**What the task asks:** Only the words of the entries are wanted, repeated exactly and without images.

***** Entries supplied

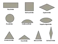 - Limas para metal: de diversas formas y granulado. Si se hace una división según su sección existen:
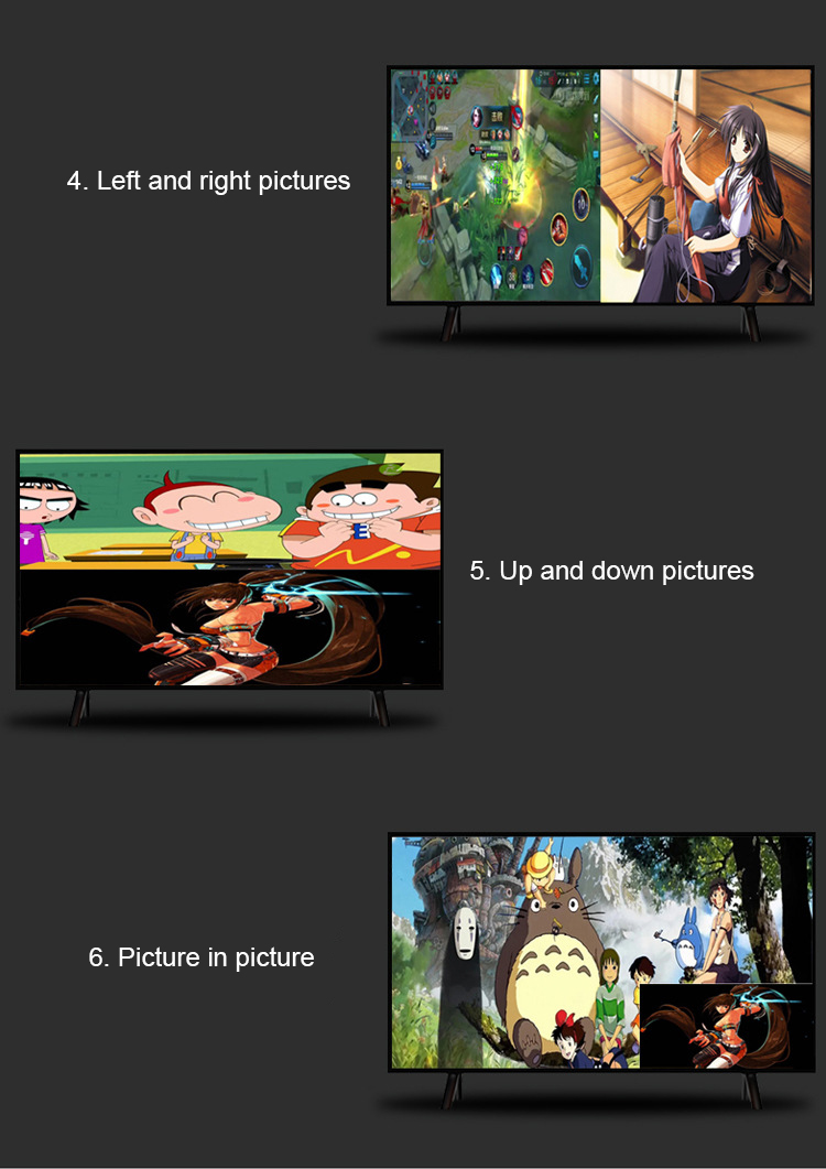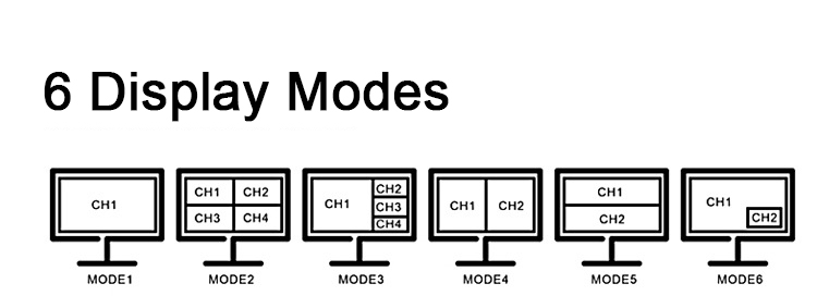 - MODE 6: Picture in picture. Use Down button to choose CH1/CH2 or CH3/CH4 combination, and use Up button to switch the pictures' position
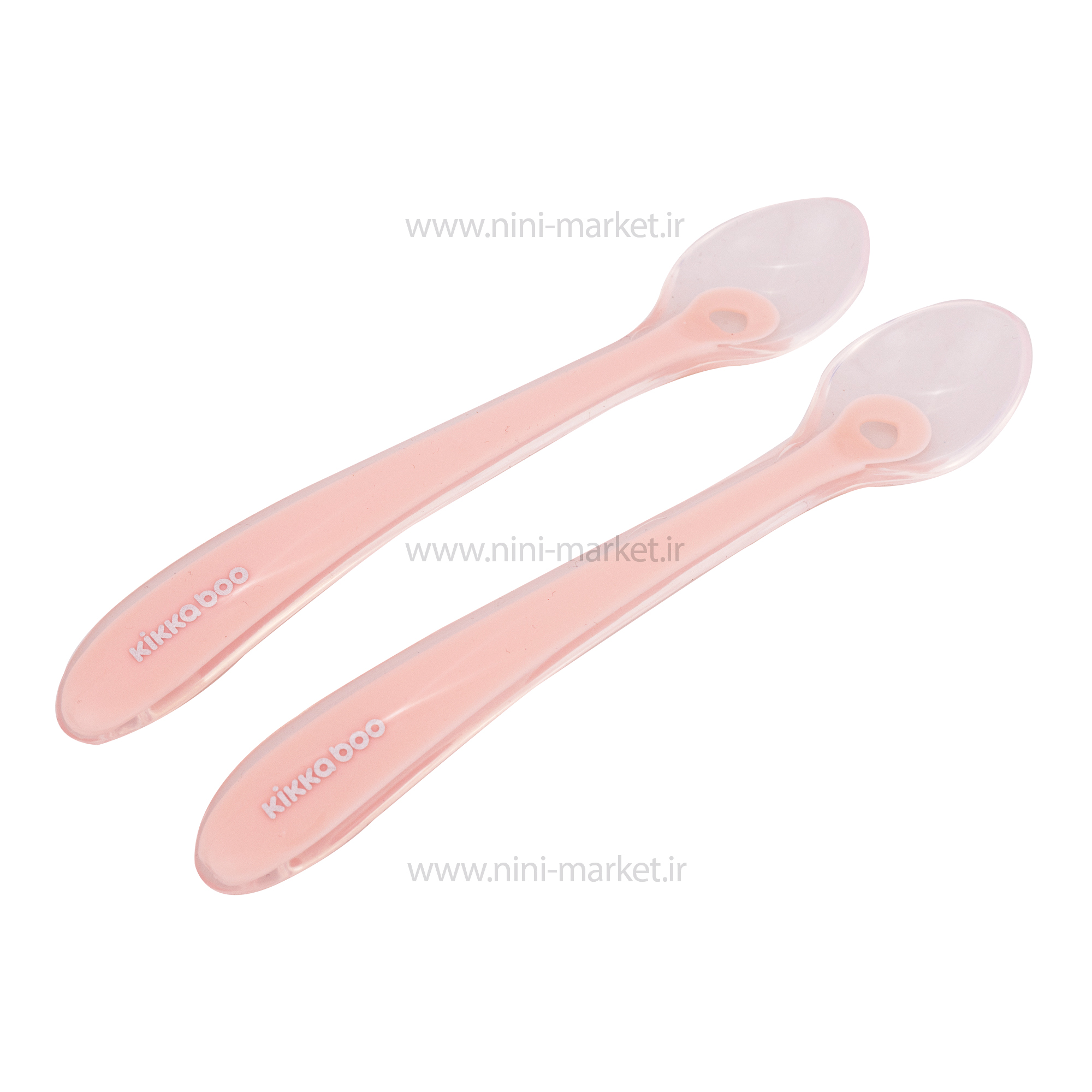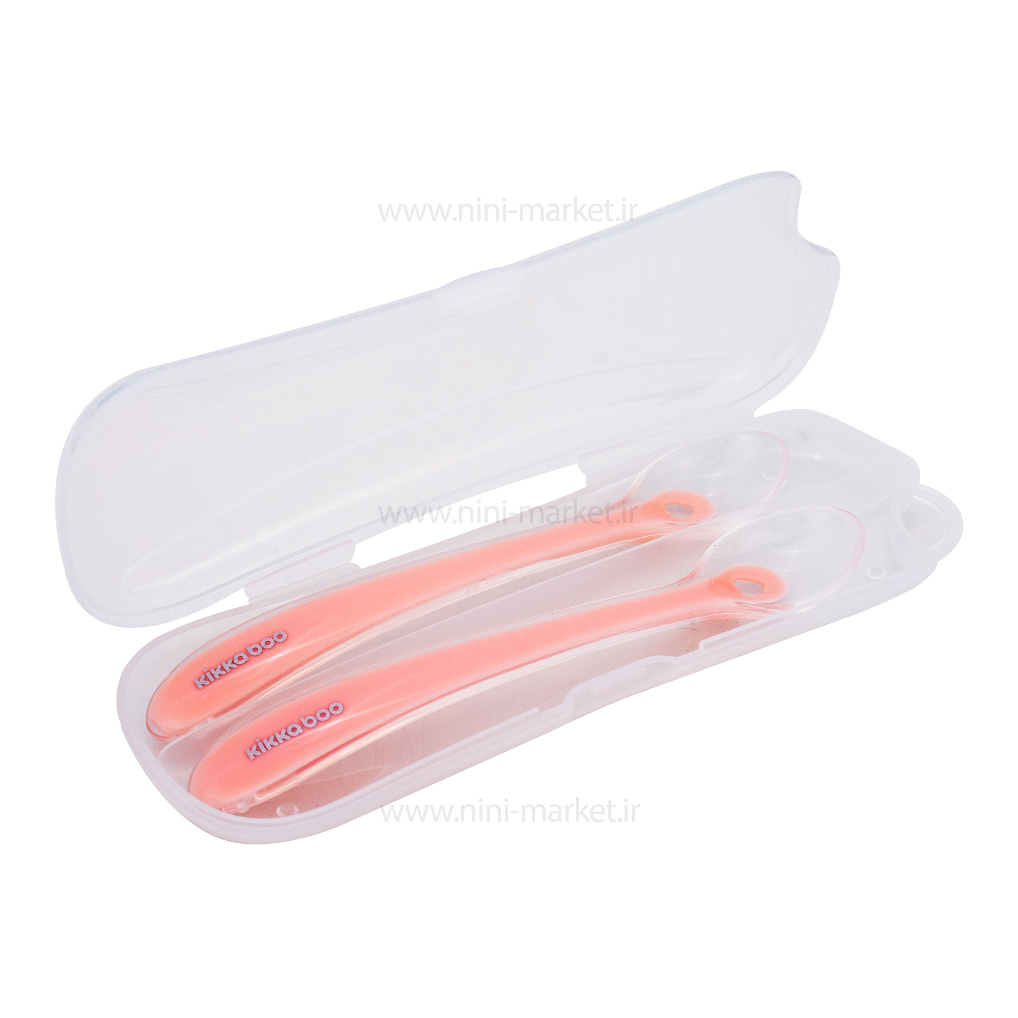 قاشق دو عددی سیلیکونی همراه با قاب رنگ صورتی کیکابو Kikkaboo
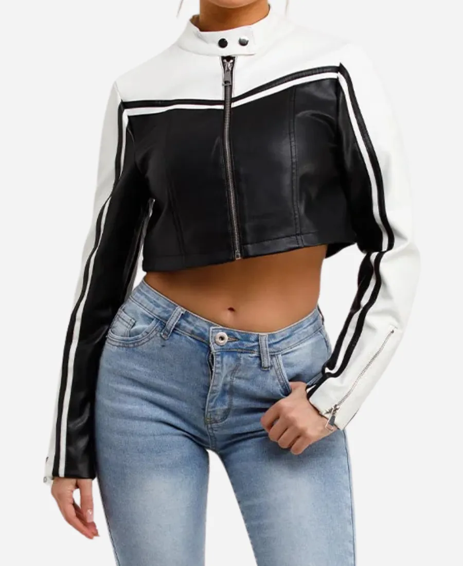 2026 NBA All Star Celebrity Game Jenna Bandy Cropped Two Tone Leather Jacket
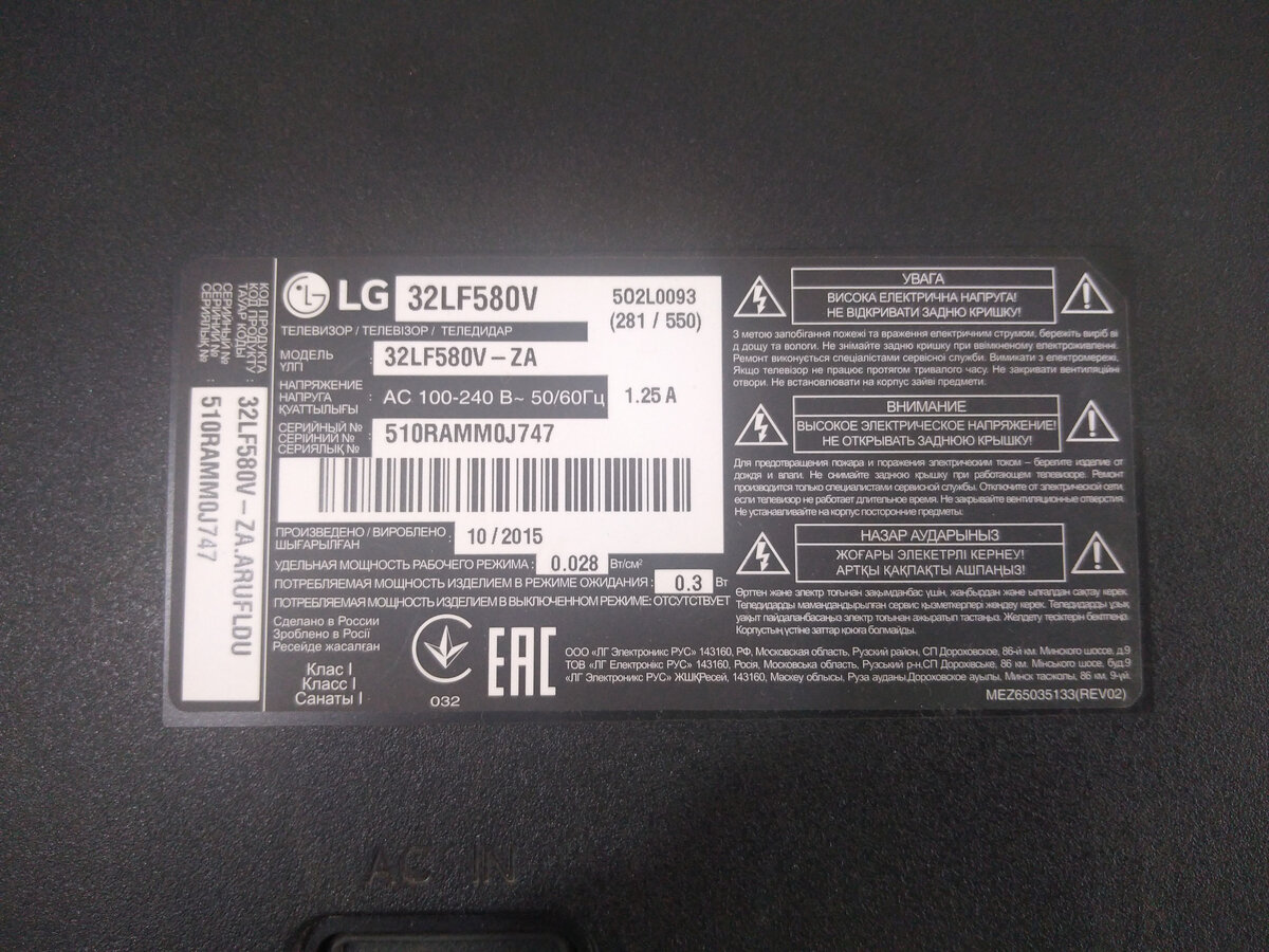 LG 32LF-580V висит на заставке.(Замена H26M31003GMR на THGBMAG5A1JBAIR)

**********

**Solved problem:**
 - Limas para metal: de diversas formas y granulado. Si se hace una división según su sección existen:
 - MODE 6: Picture in picture. Use Down button to choose CH1/CH2 or CH3/CH4 combination, and use Up button to switch the pictures' position
 قاشق دو عددی سیلیکونی همراه با قاب رنگ صورتی کیکابو Kikkaboo
 2026 NBA All Star Celebrity Game Jenna Bandy Cropped Two Tone Leather Jacket
 LG 32LF-580V висит на заставке.(Замена H26M31003GMR на THGBMAG5A1JBAIR)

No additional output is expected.